"Whenever You Need Somebody" is a song written and produced by Stock Aitken Waterman, which became successful for two of their artists.

O'Chi Brown version 

The song was originally written for British singer O'Chi Brown, and released in November 1985 on Magnetic Records. It became a minor hit for Brown in the UK Singles Chart, peaking at No. 97 there. According to Brown, the popularity of the track "caught people [in the industry] by surprise", with producer Pete Waterman left "on the warpath" over the lack of support for the track.

The single was later released in 1986 in the US, where it became a #1 hit on the dance charts. It failed to chart on the Billboard Hot 100, however, due to a lack of available stock in record stores.  According to Brown, "They didn't have the physical disc, they'd run out of the physical discs."

The song was later included in Brown's studio album O'Chi, released in 1986.

When the song was covered by Rick Astley in 1987, Magnet reissued the single in 12" format with new mixes in late 1987.

Discussing Astley's success with the track she'd originated, Brown complimented the singer on his voice and praised the chart performance of his cover, but noted, "I like mine better, what can I tell you? 

"Rick's got a great voice, but I just felt that the song suited a woman, and I felt it suited my voice. I'm not going to say mine was better, but I liked mine more."

Rick Astley version 

In 1987, Rick Astley covered the song, as SAW rushed to gather strong follow up material in the wake of the unexpected global mega-success of "Never Gonna Give You Up". The song would become the title track and second single from Astley's multi-million selling debut album of the same name, also written and produced by Stock Aitken Waterman.
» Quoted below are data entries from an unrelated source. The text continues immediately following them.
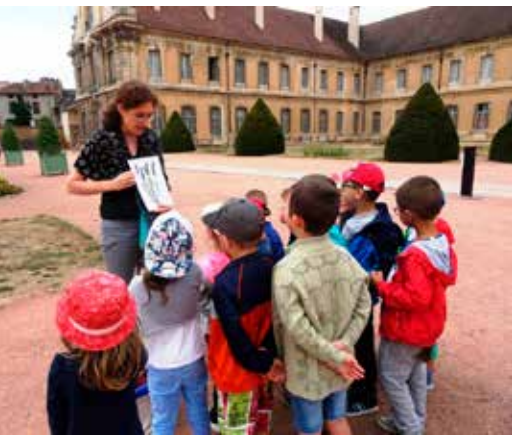
Observer l'architecture ...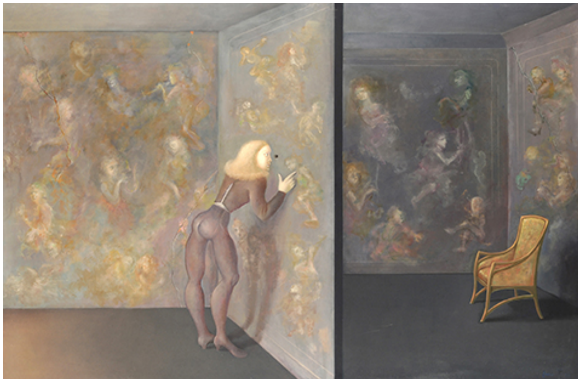
Une grande curiosité, 1983. H/T , 97x146 cm

En 1960, Leonor s'installe avec de nombreux chats, dans un grand appartement-atelier rue La Vrillière, entre le Palais Royal et la Place des Victoires où elle résida et crée sans cesse, jusqu'à son décès le 18 janvier 1996.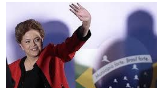
Dilma Rousseff (2011)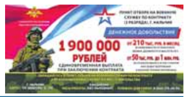
1900 000 РУБЛЕЙ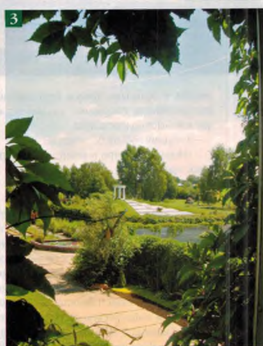
1 – «Храм воздуха и света» 2 – Дом в ангаре 3 – Вид на владения из окна 4 – Ирисы цвели повсюду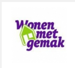
Wonen met Gemak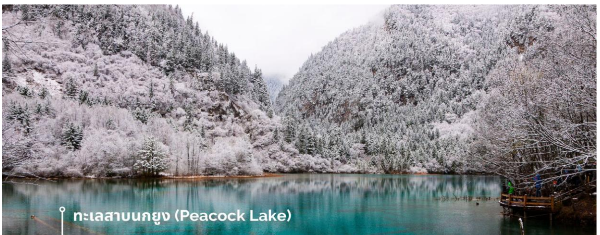
ทะเลสาบนกยูง (Peacock Lake)

ทะเลสาบมีรูปร่างคล้ายกับนกยูง จึงเป็นที่มาของชื่อ แม้พื้นที่จะไม่กว้างมากนัก มีความยาวเพียงแค่ 310 เมตร แต่ความสวยงามของที่นี่ก็ไม่แพ้จุดอื่นๆ ของอุทยานฯ เพราะน้ำในทะเลสาบเป็นสีฟ้าใสราวกับคริสตัล ไล่เฉดฟ้าอ่อน ฟ้าอมเขียว และน้ำเงินตามความตื้นลึกของน้ำ ในช่วงฤดูหนาวต้นไม้จะถูกปกคลุมไปด้วยหิมะสีขาวนวล ดูแล้วคล้ายนกยูงกำลังจ้ำจี้สี หากมาในช่วงที่มีแสงแดดจะมองเห็นความงดงามได้ทั่วบริเวณ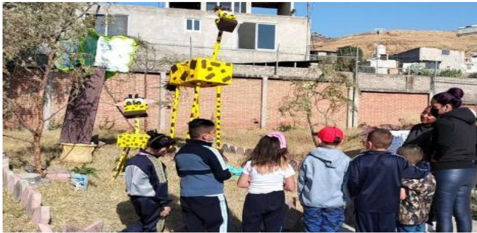
Fotografía 7. Alumnos en el recorrido por el zoológico acompañados de padres de familia.

It was a successful European hit for Astley, reaching No. 1 in seven countries, continuing the success of his previous smash single. Though not released as a single in the U.S., it was released as the 4th single in Canada. The girl part of the music video was shot at Las Canteras beach and at the adjacent Hotel Reina Isabel, Las Palmas de Gran Canaria, Spain.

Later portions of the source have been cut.